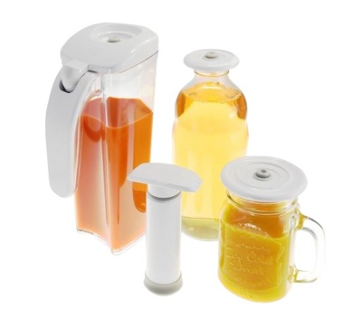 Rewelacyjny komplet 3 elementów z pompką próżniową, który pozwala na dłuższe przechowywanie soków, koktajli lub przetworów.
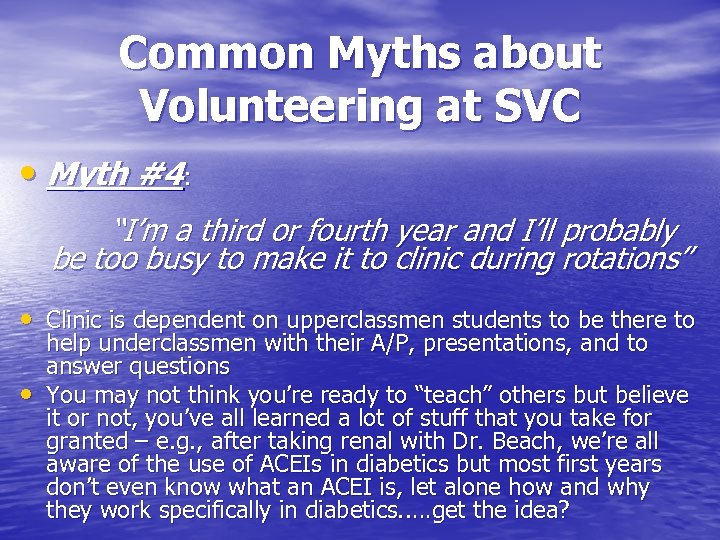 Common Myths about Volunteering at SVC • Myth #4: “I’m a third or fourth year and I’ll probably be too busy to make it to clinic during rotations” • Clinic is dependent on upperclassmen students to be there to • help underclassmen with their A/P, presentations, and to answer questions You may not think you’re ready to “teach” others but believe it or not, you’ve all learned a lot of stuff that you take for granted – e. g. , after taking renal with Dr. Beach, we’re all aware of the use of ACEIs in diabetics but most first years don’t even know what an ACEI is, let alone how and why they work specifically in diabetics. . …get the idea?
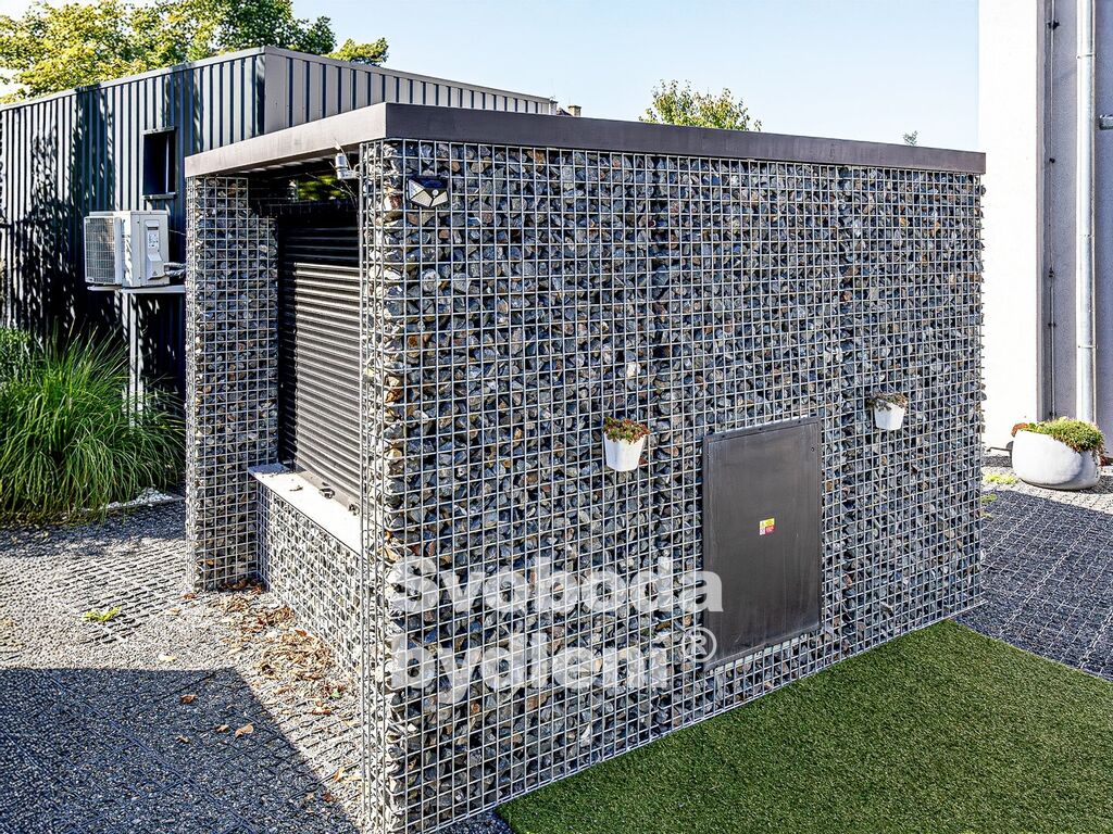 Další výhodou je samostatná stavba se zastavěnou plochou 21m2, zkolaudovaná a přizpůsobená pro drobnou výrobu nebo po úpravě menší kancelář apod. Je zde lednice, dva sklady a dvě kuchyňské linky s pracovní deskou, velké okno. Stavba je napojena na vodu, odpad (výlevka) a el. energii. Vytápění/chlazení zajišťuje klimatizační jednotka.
==
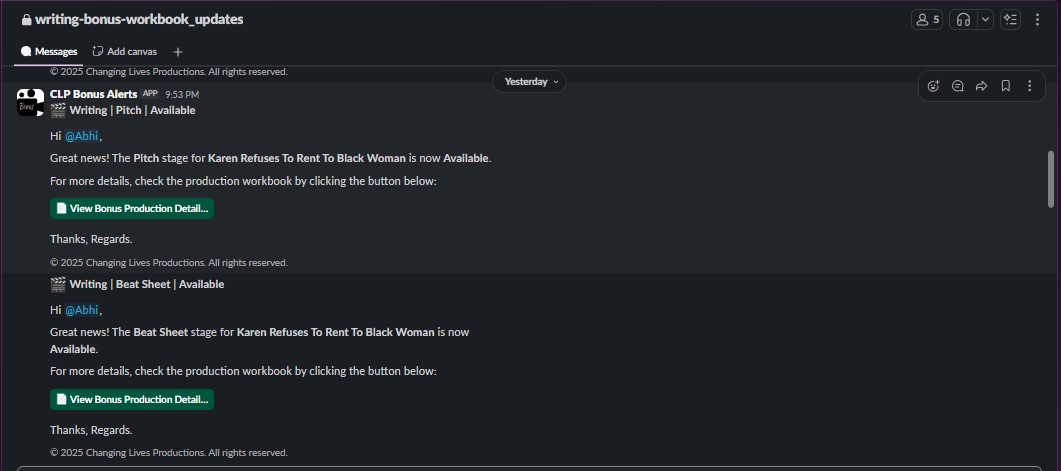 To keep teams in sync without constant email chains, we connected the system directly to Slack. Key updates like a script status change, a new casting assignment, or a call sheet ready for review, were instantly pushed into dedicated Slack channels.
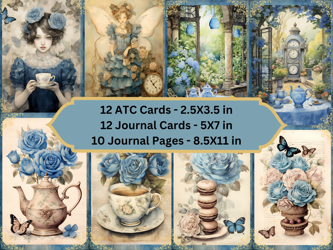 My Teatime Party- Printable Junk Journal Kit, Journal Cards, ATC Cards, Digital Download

Task item>
Starting at the line above that has "Rewelacyjny komplet 3" and ending at the line that has "Další výhodou je", copy each line exactly, leaving the pictures out and adding nothing.

Response to this exercise>
 Rewelacyjny komplet 3 elementów z pompką próżniową, który pozwala na dłuższe przechowywanie soków, koktajli lub przetworów.
 Common Myths about Volunteering at SVC • Myth #4: “I’m a third or fourth year and I’ll probably be too busy to make it to clinic during rotations” • Clinic is dependent on upperclassmen students to be there to • help underclassmen with their A/P, presentations, and to answer questions You may not think you’re ready to “teach” others but believe it or not, you’ve all learned a lot of stuff that you take for granted – e. g. , after taking renal with Dr. Beach, we’re all aware of the use of ACEIs in diabetics but most first years don’t even know what an ACEI is, let alone how and why they work specifically in diabetics. . …get the idea?
 Další výhodou je samostatná stavba se zastavěnou plochou 21m2, zkolaudovaná a přizpůsobená pro drobnou výrobu nebo po úpravě menší kancelář apod. Je zde lednice, dva sklady a dvě kuchyňské linky s pracovní deskou, velké okno. Stavba je napojena na vodu, odpad (výlevka) a el. energii. Vytápění/chlazení zajišťuje klimatizační jednotka.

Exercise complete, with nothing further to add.